Les chevaux se couchent pour mourir

Je félicite la chroniqueuse pour son traitement journalistique à l'égard de la propriétaire de la ferme de Manseau; il lui aurait été facile d'apporter des descriptions et des photographies sensationnelles dans la tradition d'un reality show. Néanmoins, je veux m'intéresser à la pôvre tite-madame à travers mes lunettes d'omnipraticien affecté au Service de maintien à domicile du CLSC de l'Énergie, auprès des personnes en perte d'autonomie.
En effet, pour comprendre cette histoire, tenter d'y remédier efficacement et intervenir de façon préventive lors de situations semblables, il faut aussi se tourner vers la propriétaire des animaux, la question de la négligence animale étant déjà bien documentée.
Cette dame souffrirait-elle d'un trouble d'accumulation compulsive (TAC), nommée aussi syllogomanie, reconnue en tant que maladie mentale particulière dans la dernière version du DSM-5, publié en mai 2013?
Généralement, les gens présentant ce trouble sont méfiants et discrets, enclins à s'auto-exclure socialement, à refuser toute intrusion dans leur milieu de vie, le plus souvent très encombré d'objets, à opposer un refus catégorique et à montrer une détresse psychologique sévère devant la perspective de devoir se départir de leurs objets ou animaux.
Or, le texte nous apprend qu'elle offrit un chat en adoption, accepta la relocalisation de ses chats dans un refuge pour animaux et en fit don plus tard, se soumit aux visites des divers intervenants et résista modérément à laisser partir ses lapins (3), canards (2) et poule (1). Je crois qu'il s'agit d'un déroulement et d'un dénouement peu probables lors de situations d'intervention auprès de personnes syllogomanes.
Il m'apparaît plus plausible de considérer un problème d'auto-négligence sévère ou syndrome de Diogène, à partir des informations disponibles.
Cette condition fait référence à un comportement négligent; une négligence qui se manifeste dans l'hygiène corporelle, l'état des lieux physiques, les objets et les animaux, le cas échéant. De plus, cette attitude se caractérise par une absence d'autocritique, de honte, de compassion et d'empathie.
L'auto-négligence sévère n'est pas une maladie en soi, mais la conséquence manifeste d'un problème sous-jacent tel que maladie mentale (psychose), troubles cognitifs, démence ou séquelle d'un ancien accident cérébro-vasculaire, par exemple. Aussi, une intervention devrait obligatoirement prendre en compte cet état de fait: l'auto-négligence constitue le reflet d'une problématique sous-jacente.

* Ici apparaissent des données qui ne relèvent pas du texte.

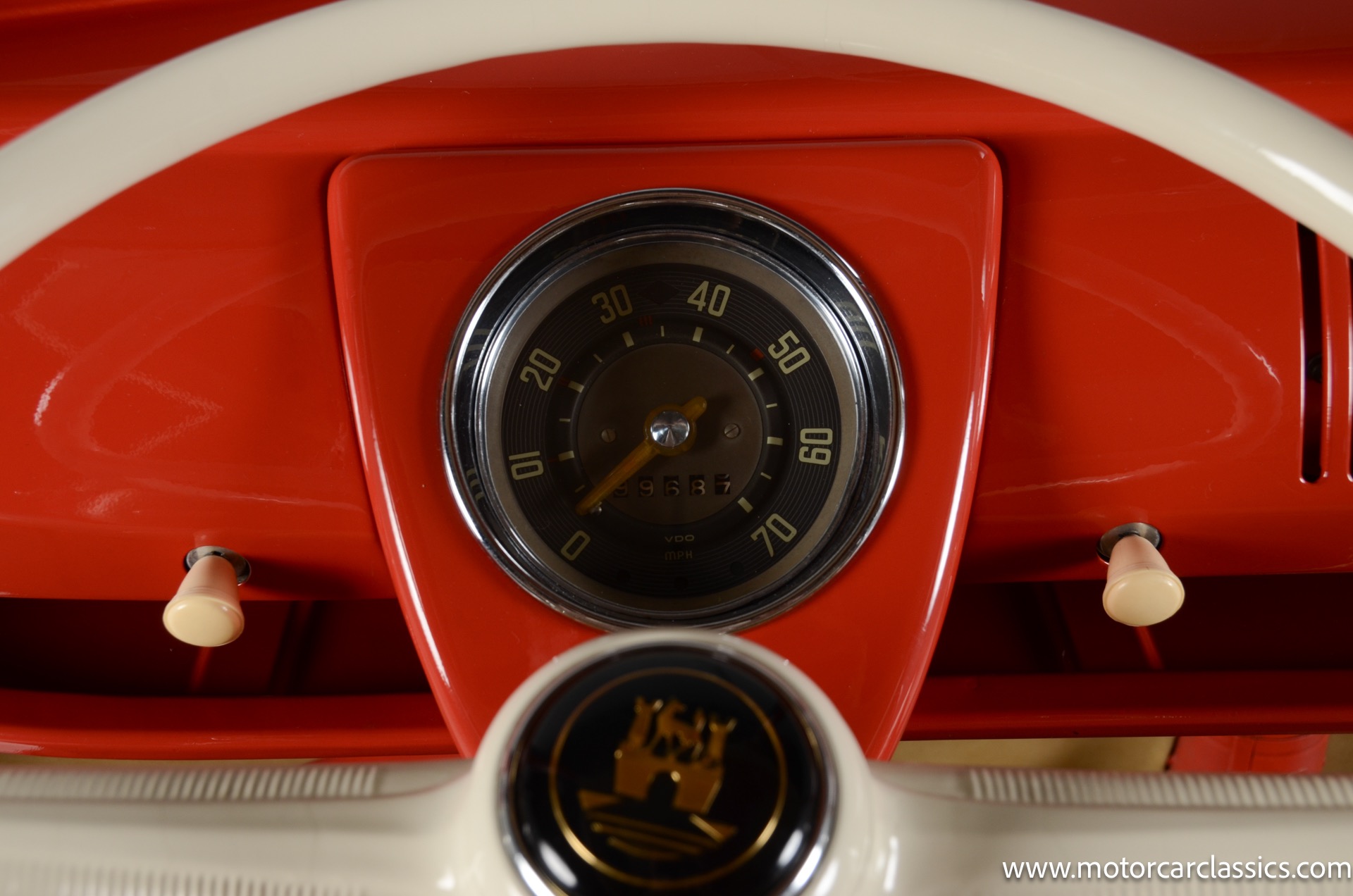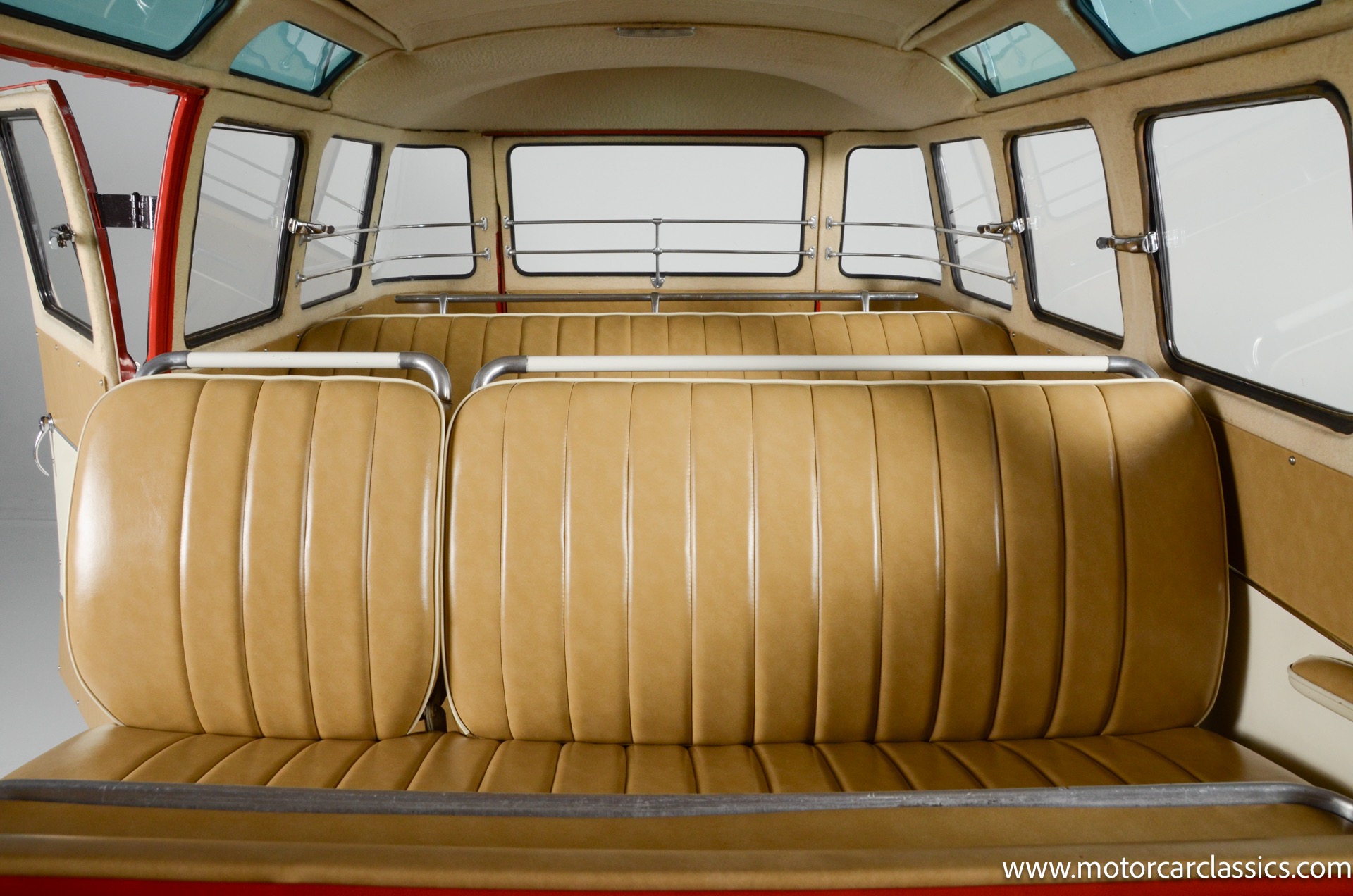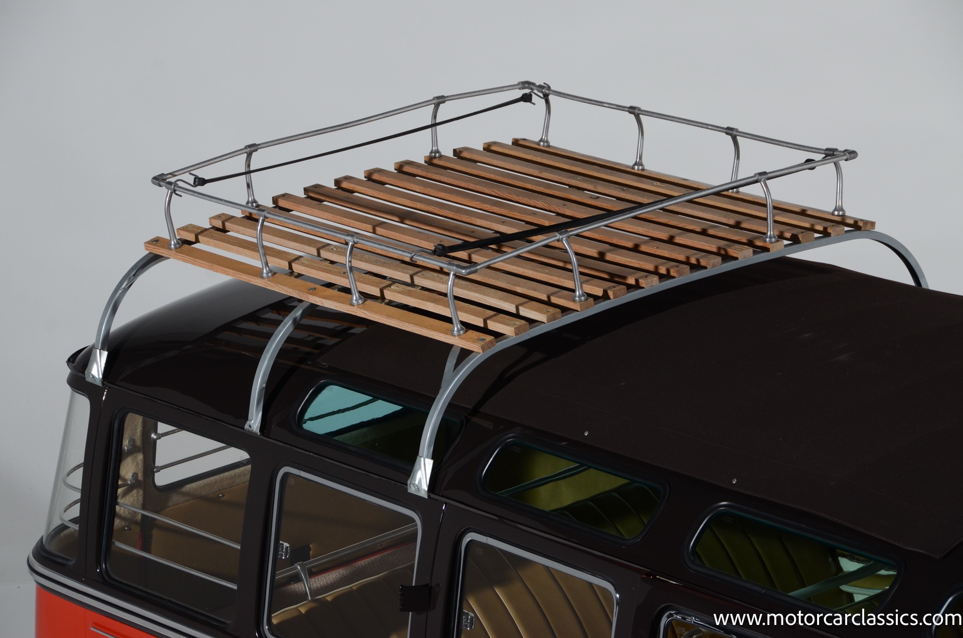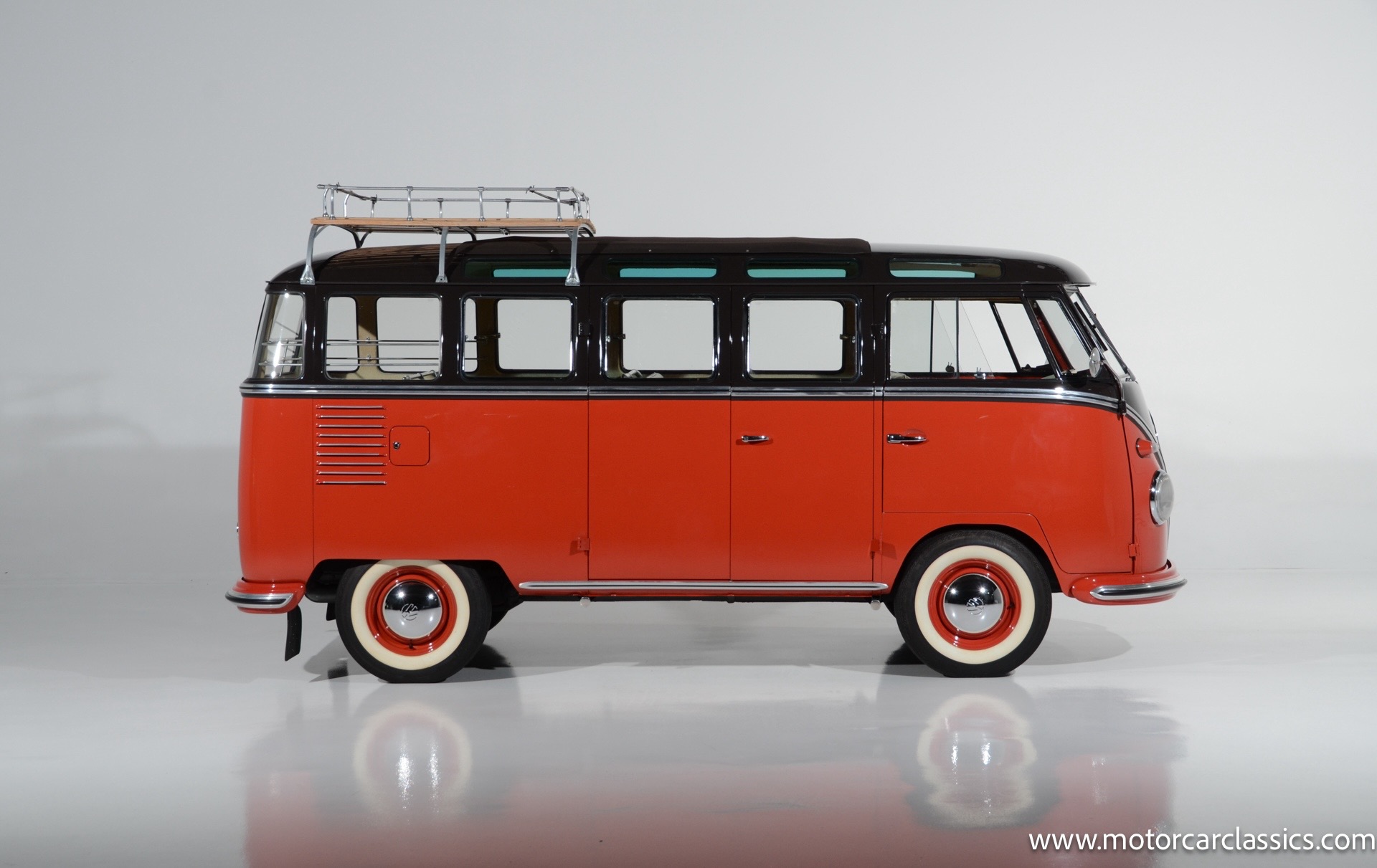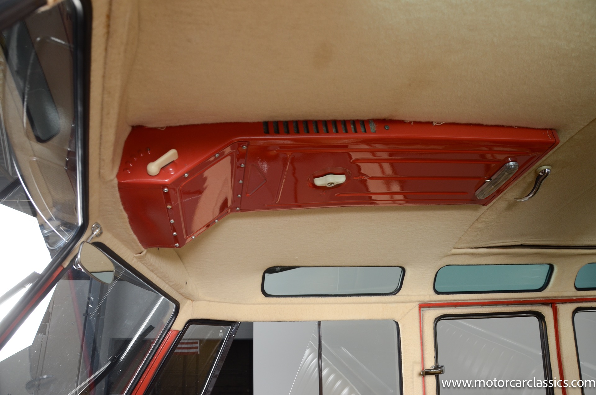 1956 Volkswagen Bus for sale! Motorcar Classics is proud to present this 1956 Volkswagen Type 2 23-Window Transporter, a rare piece of Volkswagen's history. As one of the last hand-built transporters to roll out of the Wolfsburg plant before production transitioned to another automated assembly plant at Johannesburg, Bavaria, this bus holds a special place in Volkswagen's legacy. Imported to Texas in April 1956, it boasts a unique rear transmission mount crossmember that distinguishes it from the later automated assembly transporters, a telltale sign of its hand-crafted origins and collectibility. This dry-state vehicle has spent its entire life in the arid climates of Texas, New Mexico, and Arizona, resulting in a completely rust-free body - a true rarity for a VW of this vintage. Still bearing its Arizona title, this meticulously preserved and beautifully restored Type 2 offers collectors and enthusiasts alike the opportunity to own a piece of Volkswagen's storied past. With its 23 windows providing ample natural light and panoramic views, along with a full sunroof, this Transporter embodies the spirit of adventure and freedom that made these vehicles iconic. Featured in black over red with beige interior, this is arguably the most desirable color combination. A period-correct rooftop luggage rack, and wide whitewall tires complete the classic look. For improved performance, and safety, the bus is upgraded with a circa 1970 VW 1,600 cc motor. Don't miss this chance to acquire a pristine, hand-built example of one of the most beloved and recognizable vehicles in automotive history.

Revenons à l'article et faisons l'exercice de soumettre la pôvre tite-madame au même questionnement auquel devait répondre l'inspectrice du MAPAQ en regard des animaux (changeons le il (l'animal) pour elle (la madame): a-t-elle accès à de l'eau potable, à de la nourriture saine et en quantité suffisante, à de l'électricité, à un chauffage adéquat et opérant? Réside-t-elle dans un endroit salubre et sécuritaire pour elle et ses voisins? Est-elle malade ou souffrante? Présente-t-elle des signes d'auto-négligence, d'abus ou de maltraitance?
Il semble que la dame ne fut pas le sujet de telles préoccupations de la part des intervenants, n'étant d'ailleurs pas mandatés à cet effet. J'en conviens.

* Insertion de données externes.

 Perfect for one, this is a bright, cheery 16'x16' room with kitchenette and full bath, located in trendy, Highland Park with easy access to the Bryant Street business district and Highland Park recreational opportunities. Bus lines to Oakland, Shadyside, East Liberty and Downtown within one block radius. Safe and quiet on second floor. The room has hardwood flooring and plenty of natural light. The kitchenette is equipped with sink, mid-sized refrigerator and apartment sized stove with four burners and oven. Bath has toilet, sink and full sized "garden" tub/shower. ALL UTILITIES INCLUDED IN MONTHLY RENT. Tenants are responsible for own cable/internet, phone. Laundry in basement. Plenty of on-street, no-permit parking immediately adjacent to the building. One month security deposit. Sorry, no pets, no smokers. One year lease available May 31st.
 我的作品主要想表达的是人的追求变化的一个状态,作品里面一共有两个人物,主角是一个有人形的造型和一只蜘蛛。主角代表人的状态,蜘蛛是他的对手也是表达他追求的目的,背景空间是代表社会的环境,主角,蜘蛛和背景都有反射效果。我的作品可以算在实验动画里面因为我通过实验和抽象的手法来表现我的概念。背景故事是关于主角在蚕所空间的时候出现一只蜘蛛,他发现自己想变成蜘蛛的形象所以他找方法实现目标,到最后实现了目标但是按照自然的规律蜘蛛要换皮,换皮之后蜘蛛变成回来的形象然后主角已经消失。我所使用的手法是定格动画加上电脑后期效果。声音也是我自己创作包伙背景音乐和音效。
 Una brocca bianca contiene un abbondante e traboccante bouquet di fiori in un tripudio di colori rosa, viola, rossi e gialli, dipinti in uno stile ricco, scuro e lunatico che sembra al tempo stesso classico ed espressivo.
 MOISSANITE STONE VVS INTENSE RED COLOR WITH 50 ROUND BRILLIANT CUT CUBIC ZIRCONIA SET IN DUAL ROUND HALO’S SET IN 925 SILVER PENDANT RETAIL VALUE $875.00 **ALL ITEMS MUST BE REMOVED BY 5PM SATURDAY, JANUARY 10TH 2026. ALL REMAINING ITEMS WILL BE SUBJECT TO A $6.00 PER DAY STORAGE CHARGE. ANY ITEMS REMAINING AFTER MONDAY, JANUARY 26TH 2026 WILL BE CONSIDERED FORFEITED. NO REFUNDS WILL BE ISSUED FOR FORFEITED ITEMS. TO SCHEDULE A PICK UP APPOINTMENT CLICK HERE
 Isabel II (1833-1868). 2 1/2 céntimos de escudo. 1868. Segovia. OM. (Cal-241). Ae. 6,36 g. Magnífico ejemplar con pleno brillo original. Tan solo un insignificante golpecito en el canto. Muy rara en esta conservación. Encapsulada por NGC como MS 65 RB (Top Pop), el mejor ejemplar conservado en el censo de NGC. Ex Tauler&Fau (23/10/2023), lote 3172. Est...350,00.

Si l'inspectrice et le policier avaient été outillés pour dépister et ensuite signaler cette situation d'auto-négligence sévère probable au réseau d'organismes communautaires? Si, après confirmation, une équipe interdisciplinaire formée et apte à répondre à ces problématiques complexes, délicates et malheureusement relativement fréquentes (rencontrées dans 2 à 5 % de la population générale), avait été mobilisée auprès de la dame, en collaboration avec les autres intervenants?
En conclusion, mon intervention ne vise qu'à rappeler que la négligence animale rapportée dans cette chronique peut s'expliquer à la lumière d'un comportement pathologique pour lequel il n'existe pas actuellement d'équipes structurées et formées à la prise en charge individuelle de cette clientèle particulière.